(Problem): Could you write out exactly, and only, the lines from the one containing "在E:\wordcount\" through the last line of the data, leaving out all pictures?

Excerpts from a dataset
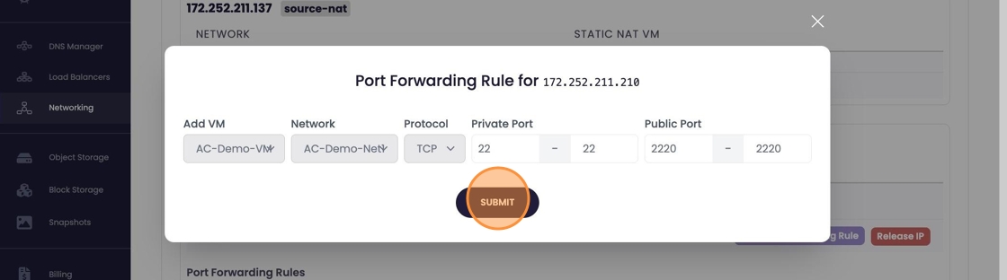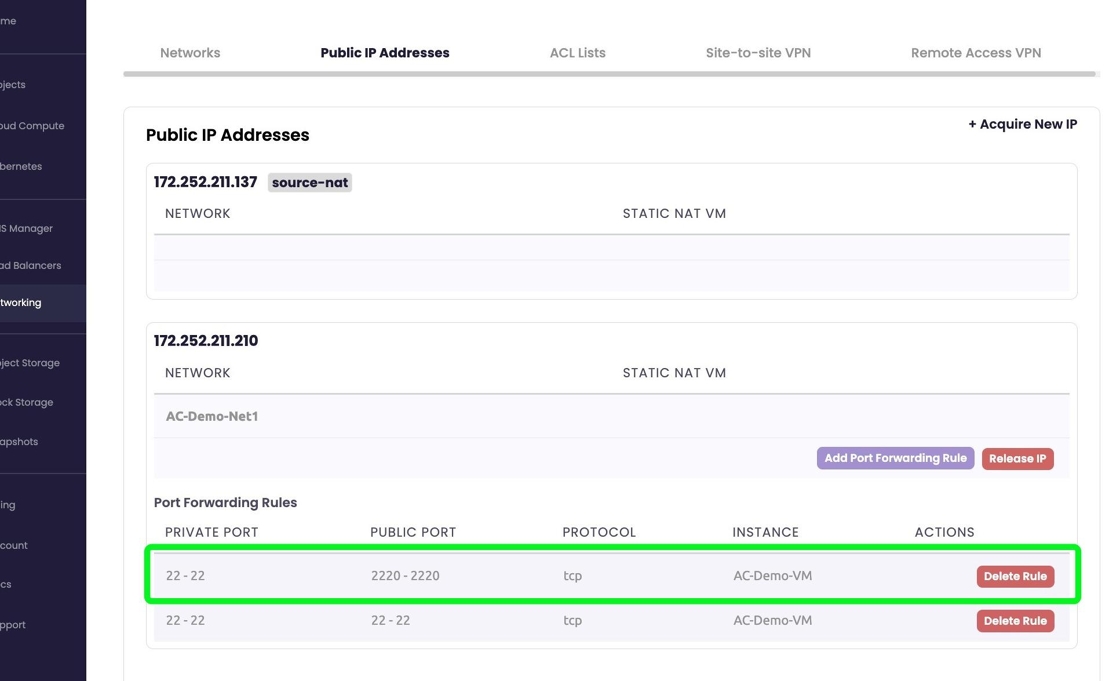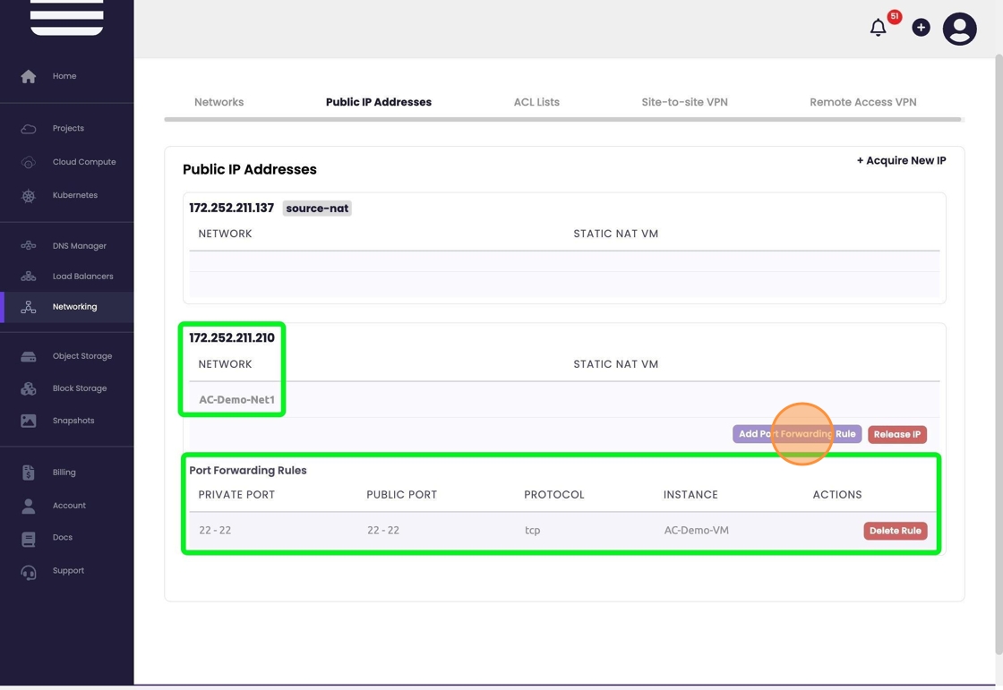 - Add a port forwarding rule by selecting "Add Port Forwarding Rule" on the corresponding IP Address and VM which can be identified in the far left. Already created or active PF rules will be listed below the IP table.
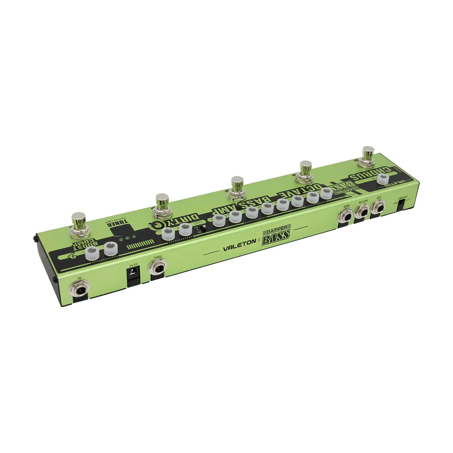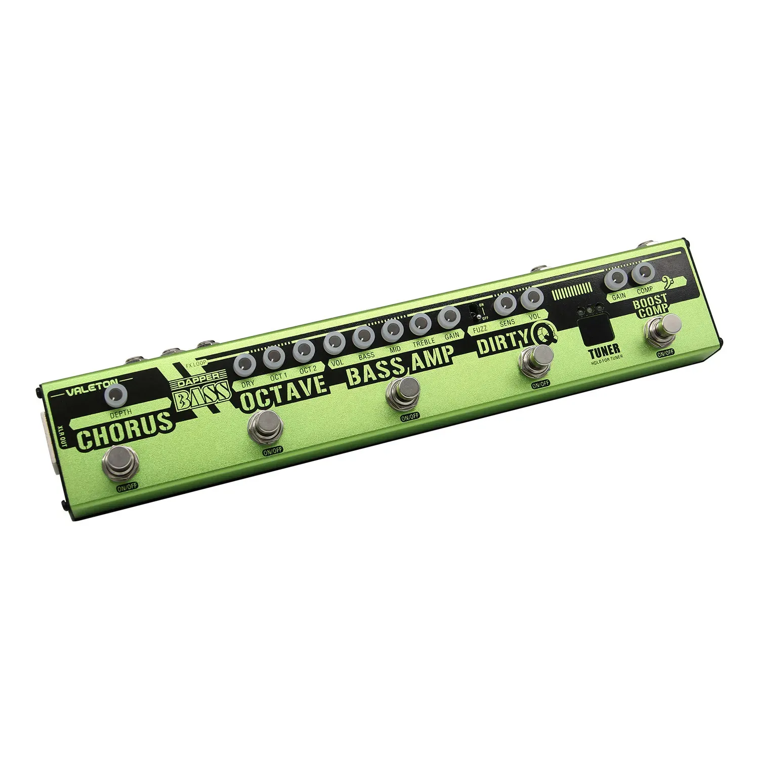 The Dapper Bass by Valeton is an all-inclusive effects strip for bass. With every commonly used bass effect, easily controllable and usable, the Dapper Bass provides everything you need to be a professional gigging bassist in one package, and is the perfect solution to a portable, reliable, and gig-ready rig! With a high-quality tuner, multiple routing options, and even a cab-sim-enabled headphone port for silent practice, the Dapper Bass offers everything a bassist needs for almost any genre.
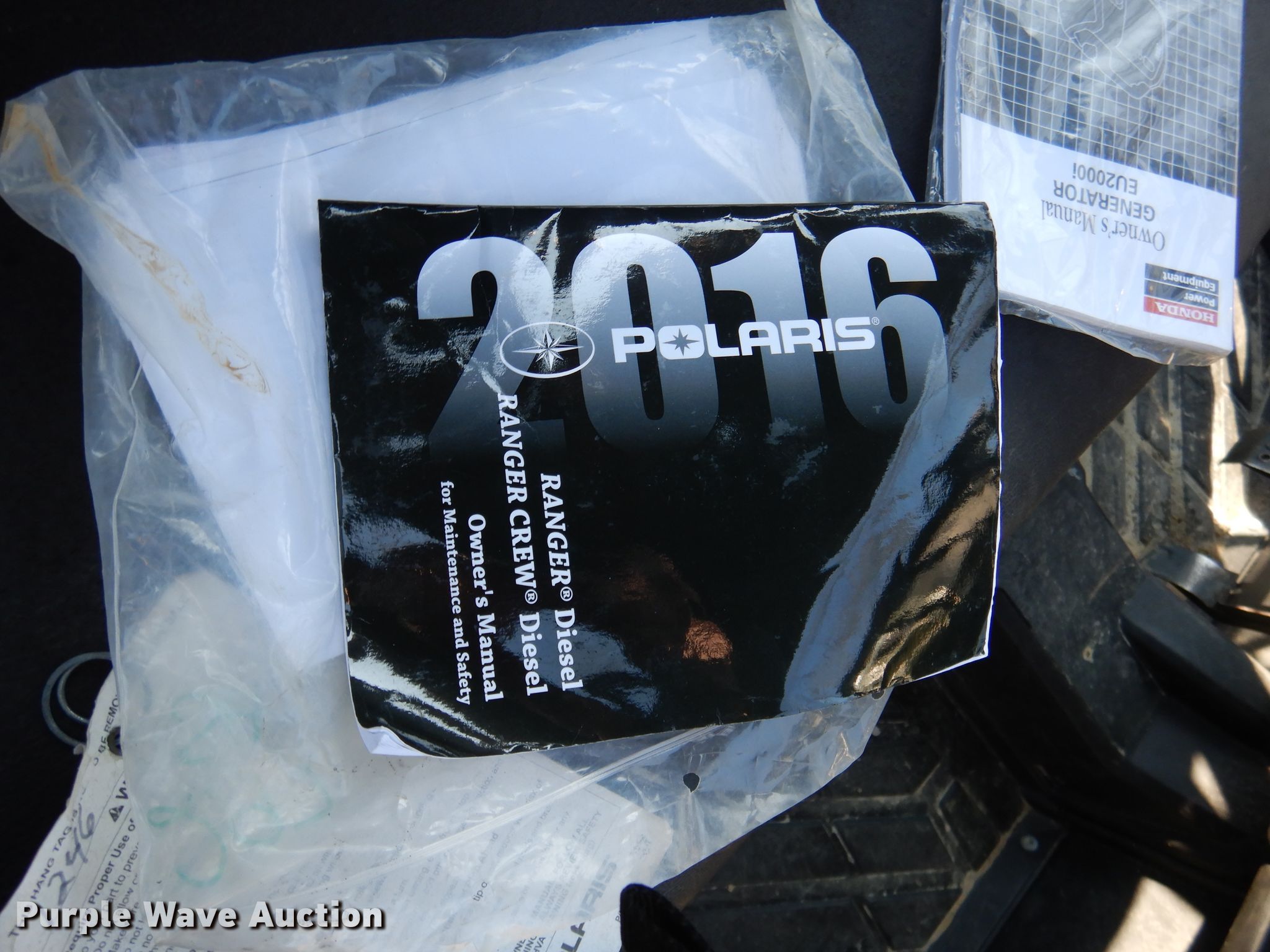 2016 Polaris Ranger 1000 utility vehicle. 2,225 miles on odometer, 390 hours on meter, Kohler 1,028cc three cylinder diesel engine 26 HP, Automatic transmission, Four wheel drive, ROPS canopy, Three passenger capacity, Grill guard, Manual dump bed, Receiver hitch, 25-10-12 front tires, 26-11-12 rear tires. Transfer of ownership documentation will be a bill of sale. 4XARTAD16GT131246. Black and Veatch. Centerview, MO 64018
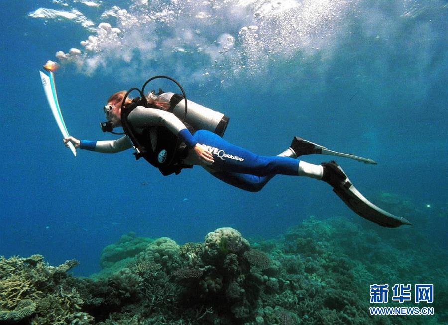 图为2000年6月27日,澳大利亚海洋生物学家温迪·克雷格·邓肯手持第27届悉尼奥运会火炬在澳大利亚东北部的大堡礁附近的海底完成了3分钟的水下火炬接力,奥运圣火首次照亮水下世界。 新华社发
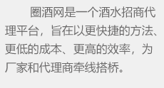 圈酒招商網(wǎng)是繼糖酒會(huì)之后的招商模式,為酒廠等生產(chǎn)經(jīng)銷企業(yè)搭建一個(gè)更好、更快的酒水招商平臺(tái)
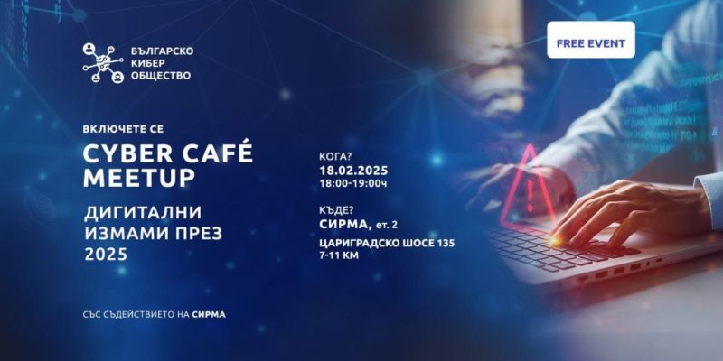 Българското киберобщество с радост кани всички специалисти от сферата на киберсигурността, както и хора с интерес към нея, на първото си събитие на живо за 2025 – Cyber Café.
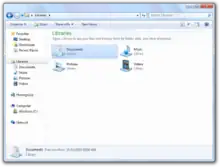 By default, a new user account in Windows 7 contains four libraries, for different file types: Documents, Music, Pictures, and Videos. They are configured to include the user's profile folders for these respective file types, as well as the computer's corresponding Public folders.
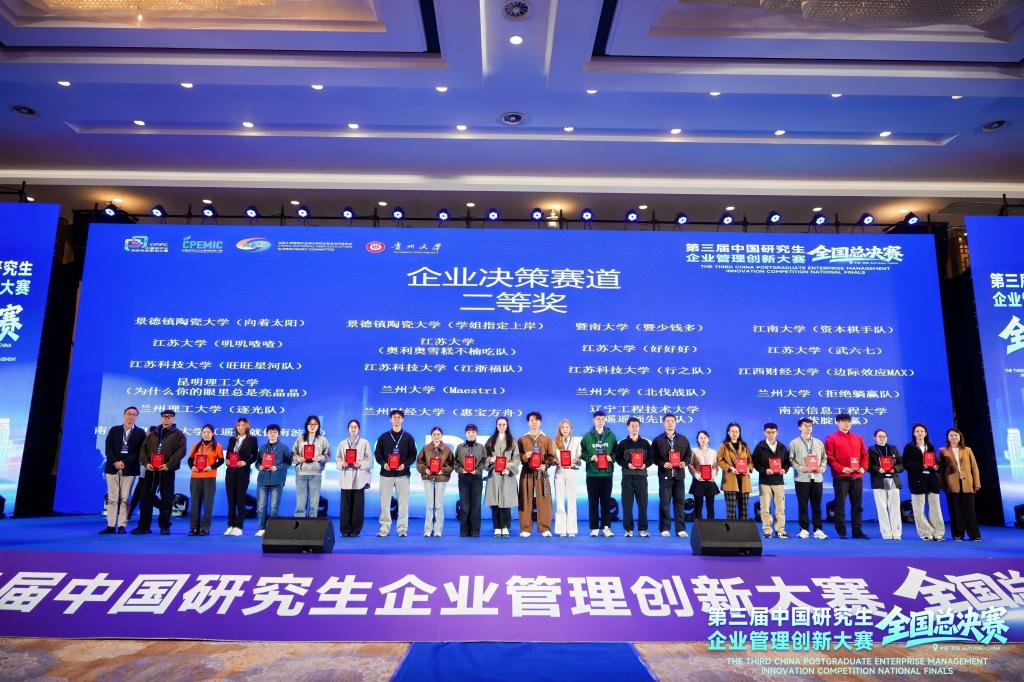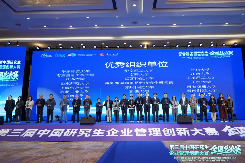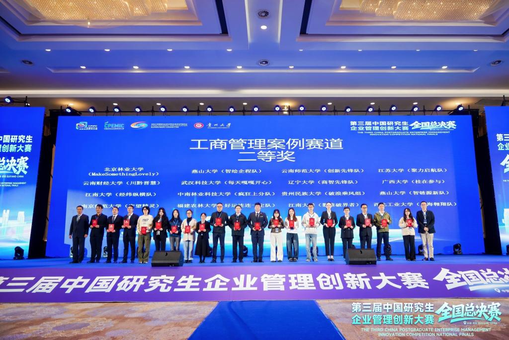 11月7日至9日,第三届(2025)中国研究生企业管理创新大赛全国总决赛在贵阳举行,共有来自全国150所高校的411支队伍晋级全国总决赛。由太阳成集团tyc33455cc在读研究生组成的三支队伍在总决赛中取得佳绩,其中数维破界者队和经纬纵横队获得工商管理案例赛道二等奖,资本棋手队获得企业决策赛道二等奖,tyc33455cc太阳成集团获得优秀组织奖。
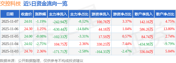 证券之星消息,截至2025年11月7日收盘,交控科技(688015)报收于24.01元,下跌1.19%,换手率0.66%,成交量1.25万手,成交额2990.86万元。
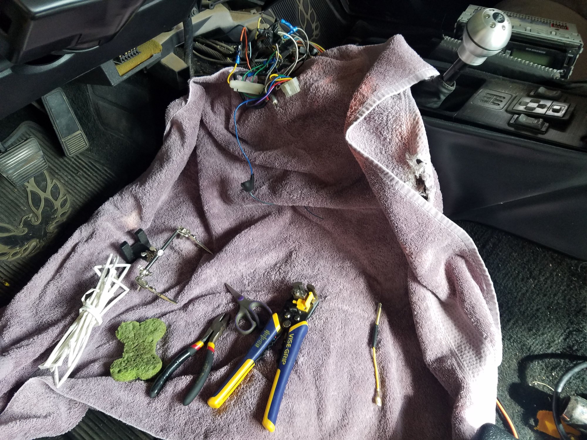 My work area to remove old connections, solder and heat shrink. Had seat out already for under dash work and steering wheel was only finger tight. Managed to break the rab on the brand new horn wire when I yanked the wheel off. Sigh. More soldering.
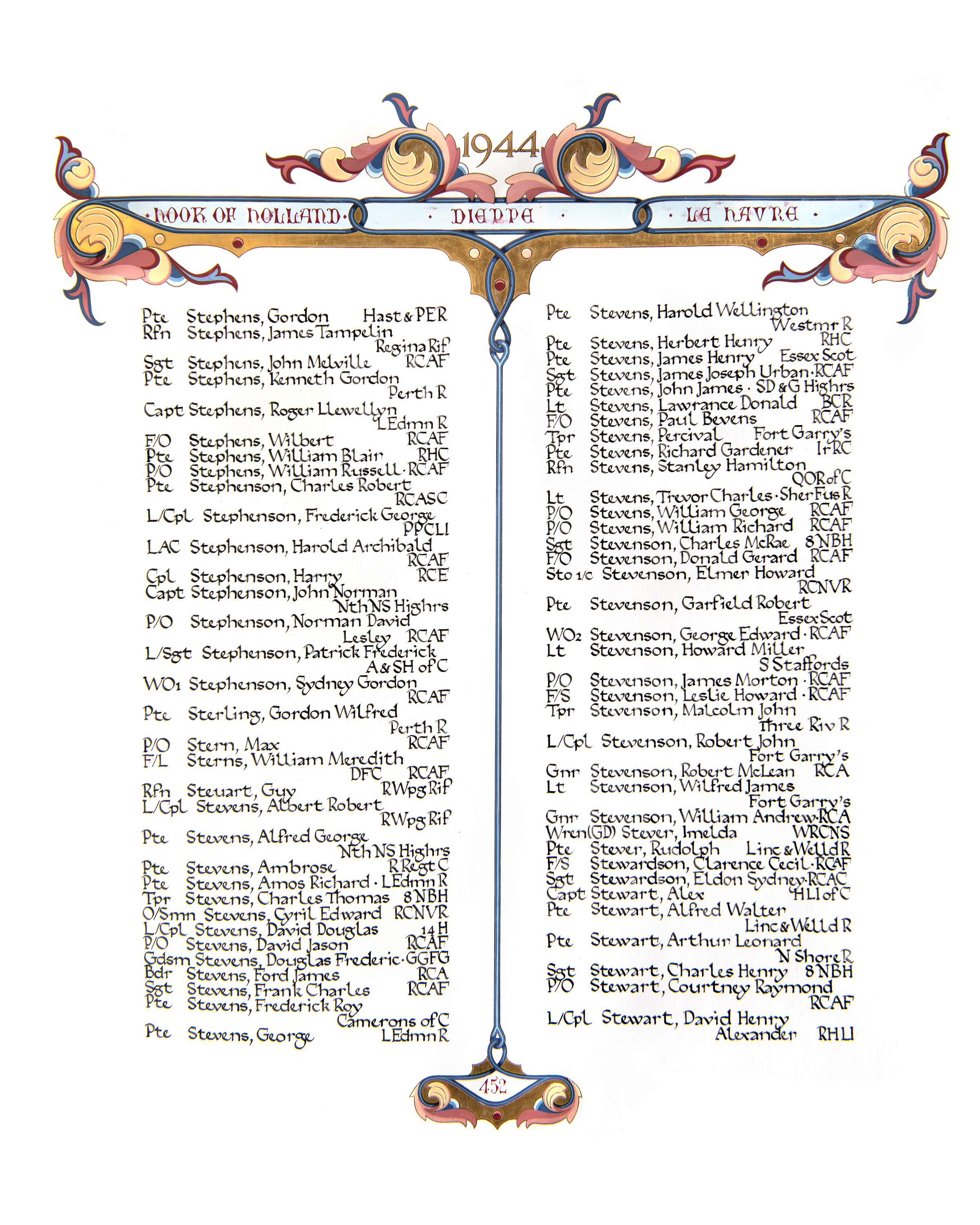 Ships served in: HMCS MONTREAL - Enlisted 07 Jun 1943 * Commenced Active Service 23 Jun 1943 as an Ordinary Seaman, RCNVR HMCS CORNWALLIS - Drafted to CORNWALLIS 11 Aug 1943 HMCS HAMILTON - Served in HAMILTON 10-19 Oct 1943 for Seamanship Training while drafted to CORNWALLIS HMCS STADACONA - Drafted to STADACONA 19 Nov 1943 HMCS HOCHELAGA II - Drafted to HOCHELAGA II 27 Nov 1943 HMCS VALLEYFIELD - Drafted to VALLEYFIELD 08 Dec 1943. Commissioning crew
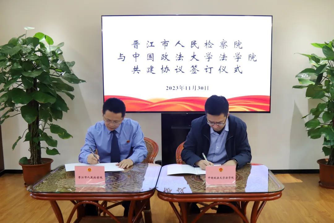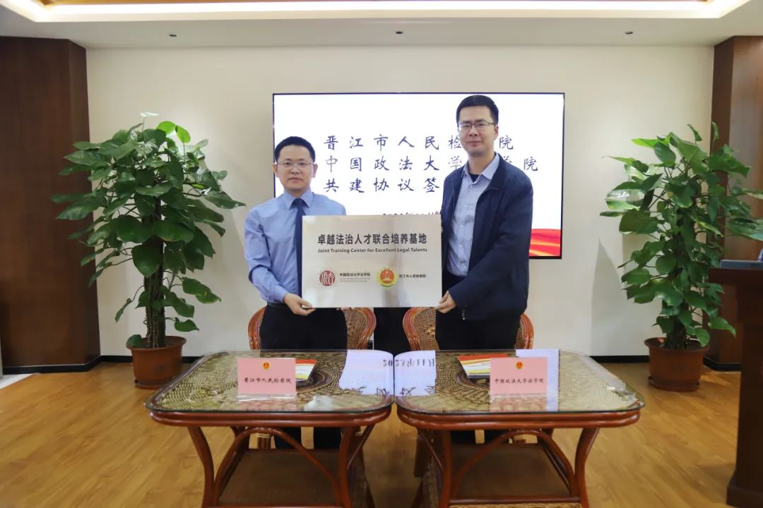 与晋江市人民检察院建立卓越法治人才联合培养基地协议书》。张力副院长向晋江市检察院授“卓越法治人才联合培养基地”牌。
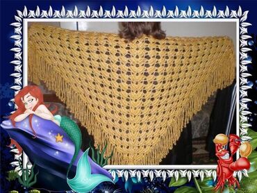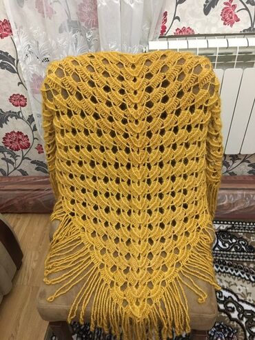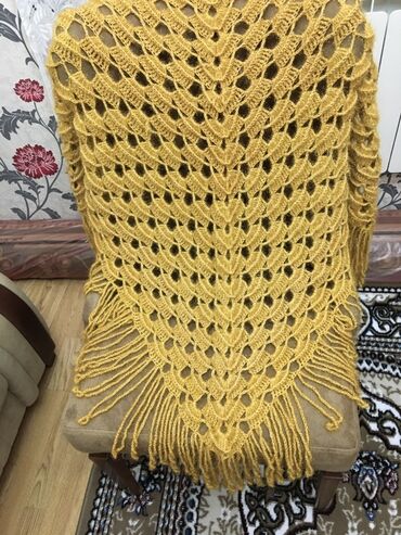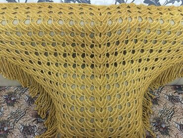 Qizili sarı rəngdə, əl işı ilə toxunmuş üçbucaq şal,olchusu-180 sm.eni,hundurluyu 110 sm. Handmade,Шаль ручной вязки с золотистым оттенком крючком,раз.высота-110 см.ширина 180 см.
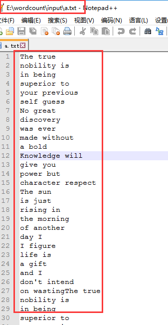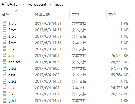 在E:\wordcount\input目录下准备小文件(总大小为224M),如:
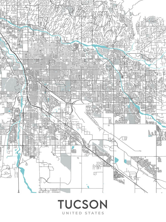 Este mapa de Tucson, Arizona, es un mapa moderno y detallado de las calles sin etiquetas. Se centra en la ciudad de Tucson y la región circundante, proporcionando una visión general completa del área. El mapa cubre una amplia gama de vecindarios, incluyendo Menlo Park, Blenman-Elm, Feldman's, El Presidio, Barrio Santa Rosa, Armory Park, West University, Sam Hughes, North University Park, Jefferson Park, Downtown, Barrio Anita, Barrio Hollywood, Barrio Libre, South Tucson, Barrio Historico, Barrio Viejo, Barrio Centro, Barrio Menlo Park, Barrio Santa Rita y Barrio San Antonio.
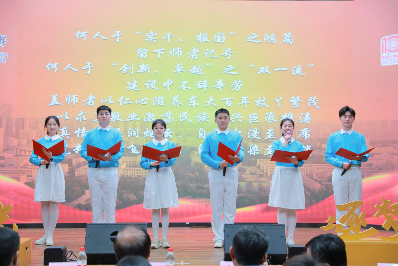 表彰大会上,还举行了2023年第十八届“我最喜爱的老师”评选活动启动仪式,6名学生代表现场表演了诗朗诵《感怀师恩·百年传承——老师,我想对您说》,表达广大同学对老师的敬爱之情,与会嘉宾共同启动了“我最喜爱的老师”评选活动。

(Answer section):
 在E:\wordcount\input目录下准备小文件(总大小为224M),如:
 Este mapa de Tucson, Arizona, es un mapa moderno y detallado de las calles sin etiquetas. Se centra en la ciudad de Tucson y la región circundante, proporcionando una visión general completa del área. El mapa cubre una amplia gama de vecindarios, incluyendo Menlo Park, Blenman-Elm, Feldman's, El Presidio, Barrio Santa Rosa, Armory Park, West University, Sam Hughes, North University Park, Jefferson Park, Downtown, Barrio Anita, Barrio Hollywood, Barrio Libre, South Tucson, Barrio Historico, Barrio Viejo, Barrio Centro, Barrio Menlo Park, Barrio Santa Rita y Barrio San Antonio.
 表彰大会上,还举行了2023年第十八届“我最喜爱的老师”评选活动启动仪式,6名学生代表现场表演了诗朗诵《感怀师恩·百年传承——老师,我想对您说》,表达广大同学对老师的敬爱之情,与会嘉宾共同启动了“我最喜爱的老师”评选活动。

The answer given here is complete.